Best Practices

The term “best practices” has become popular over the last decade. For me the term is problematic in a number of ways. First, it leaves off the essential question: “best” for what? Despite statewide standards and the current move toward national standards, we do not all agree on the aims and purposes of public education. Far from it, as I have discovered every time I teach a new group of teacher candidates.

The other problematic assumption is that there is a best method for whatever our purpose is. While there are practices that are generally more effective then others, human beings and the teacher/students relationship, not to mention all the other contextual variables, are so complex that no one practice is likely to always be the best, if even effective at all.

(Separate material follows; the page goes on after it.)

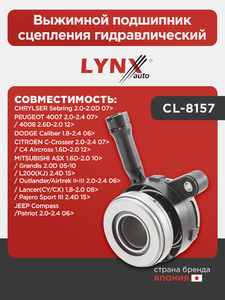 Выжимной подшипник сцепления гидравлический LYNXauto CL-8157. Для: MITSUBISHI ASX 1.6D-2.0 10> / Grandis 2.0D 05-10 / L200(KJ) 2.4D 15> / Lancer(CY/CX) 1.8-2.0 08> / Outlander/Airtrek II-III 2.0-2.4 06> / Pajero Sport III 2.4D 15>, CHRYLSER Sebring 2.0-2.0D 07>, CITROEN C-Crosser 2.0-2.4 07> / C4 Aircross 1.6D-2.0 12>, DODGE Caliber 1.8-2.4 06>, JEEP Compass/Patriot 2.0-2.4 06>, PEUGEOT 4007 2.0-2.4 07> / 4008 2.6D-2.0 12>

Let us consider an analogy. Let us say I want to find the “best” shoe size, so I can provide all my students with the right shoes. I do a controlled study, and find that when I give size 10 shoes, more students have shoes that fit them than any other size. Now I can mandate that everyone be given size 10 shoes. But men’s and women’s feet are different you complain. Okay, I may need to do some differentiation. Women get a women’s size 8 1/2. How about ethnic groups? Mexican Americans tend to be smaller. Okay, Mexican-Americans men get a size 9…..

We can all see the utter absurdity of this. But this is what we are doing to our school children, especially to the most needy and disadvantaged school children. I spend a lot of time in a lot of different schools as a researcher and as a supervisor of student teachers. In schools that are considered “Program Improvement” under No Child Left Behind, I see teachers mandated to give lessons where every child is on the same page at the same time doing the same exercises, often not just in the one classroom, but in every class at that grade level. There is a pacing guide to keep up with. The students must move on, whether they got it or not (and do it whether they already know it or not). A few “differentiated” students may be allowed to get special help (by missing out on some other activity, or after school). Extensive data is kept on how the students are doing, with unit tests every few weeks that are diagnosed, often through sophisticated computer programs, Students’ scores get displayed in staff lounges (part of the data driven philosophy). Yet the teacher really cannot make much use of the data, since no matter what it says, they must keep to the pacing guide. This is seen as “equity” under NCLB. All children are afforded the same curriculum, the same instruction. After all, this curriculum has been designated as “research based,” since it uses strategies that the Reading Panel found to be most effective. We must have equally high expectations for all! Most of you probably think I am exaggerating. I assure you I am not. If you think so, find a school that has been designated as a “Reading First” school, and serves predominantly low income students. Maybe it is different in your state, but here in California, what I described above, I have seen over and over again.

The problem is that educational experts are being asked the wrong question: Which is the best method? Such a question was asked of the recent federal National Reading Panel—to come up with the best method for teaching reading. Textbook publishers created the materials that are used by “Reading First” schools, supposedly based on the recommendations of this Reading Panel. However, such one-size-fits-all thinking is equally absurd for teaching as it is for shoe size. Instead we need to be asking, what is the best way to support classrooms and teachers where each child will be best supported to learn in the most effective way? No two children are the same, and even the same child may need something different from day to day.

The best schools, schools that succeed with large percentages of students, are ones where teachers work together collaboratively getting to know the students. In these school they devise curriculum that allows all students to find ways into it, no matter what their learning differences styles and abilities are. These schools honor these differences, while expecting, cajoling, pushing, all students to do their best.